Coach style leadership is a form of leadership that inspires individual accountability and growth. There are forms of leadership that ‘get the job done,’ that ‘check the box,’ and there are those that ensure that the job does indeed get done, but while the job is getting done, more is taking place.
 
Coach style leadership is a transformative style of leadership. Coaching is a future-focused, goal, and action-oriented process. The goal is the result, the future focus makes the subordinate a better person. The action orientation ensures accountability and responsibility for the job getting done, and the individual growth.
 
If you have ever had a job where you were shown what to do, then someone assisted you in doing it yourself and then left you to do it on your own, that is a phase of coach-style leadership.

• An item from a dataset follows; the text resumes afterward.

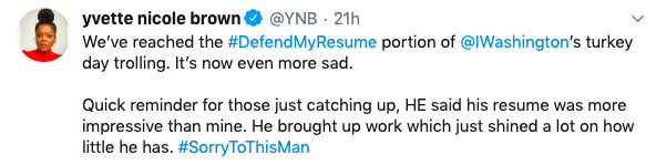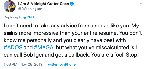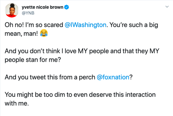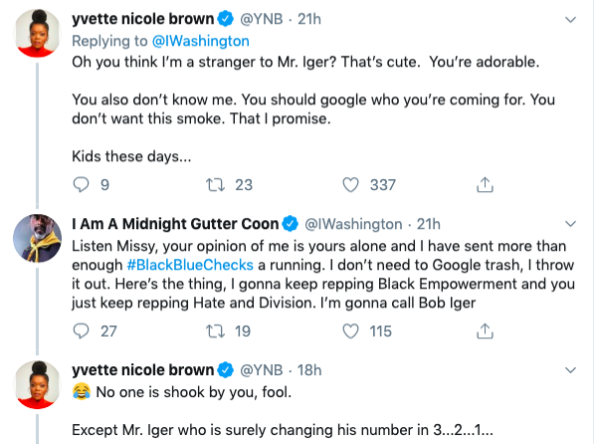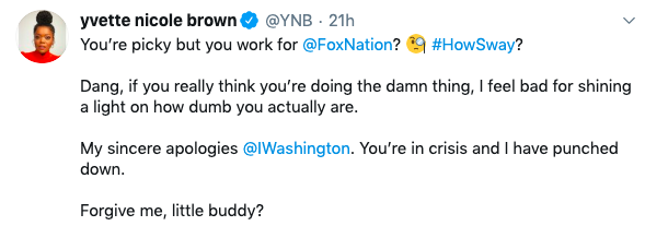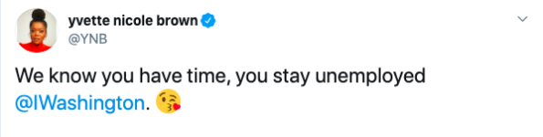 “Be careful chasing clout and dirty dollars @IWashington That has historically not worked out well for you. As for me, I sleep well at night and stay working in my CHOSEN field. How ‘bout you, boo? When you quote me on your little show quote it ALL & spell my name right.”

The Next Phase is to make sure you have the ability to attend multiple pieces of training and developmental opportunities. These opportunities are key within coach-style leadership because they are always preparing you to be a better version of yourself. Good organizations know that their growth as an organization is proportionate to the growth of their individual staff members and teams. Not just Team Leaders and Management.
 
The determining questions here are 1) is your leadership challenging you, and forcing you to learn different skills constantly to keep up, and 2) are you growing? If the answer to both questions is yes, you are receiving coach-style leadership. Another few questions would be A) have you and your leader developed a growth/development plan for you, and B) are you having regular sessions to discuss any difficulties you may be experiencing, with them providing guidance and suggestions on how you can get better and move up in the company?
 
If you said yes to the above questions, think hard before you leave, because this is a coach-style leadership and it is tough to find.
 
Congratulations!

Autocratic Leadership

Autocratic Leadership is a leadership style that is top-down. Top-down leadership is leadership that comes down to the people from ‘on high.’ This is a leadership style that is offensive to many and speaks at, not to, or with the people. It is a control-oriented leadership style that has more to do with the role than responsibility.
 
Autocratic leadership is also referred to as Authoritarian leadership. This is the form of leadership that makes decisions, enacts policies, passes laws, makes things up as they go along with very little participation or inclusion of subordinates or followers, and this is why they often have defectors.
 
These are your leaders who have a hard problem letting go of the work. They are accused of micro-management, and result in low levels of autonomy, self-esteem, feelings of appreciation or organizational citizenship or buy-in from their constituents. Most people who are under this form of pressure leadership are only there because they feel they must, and as soon as a better opportunity arises, i.e. time or freedom, they will escape.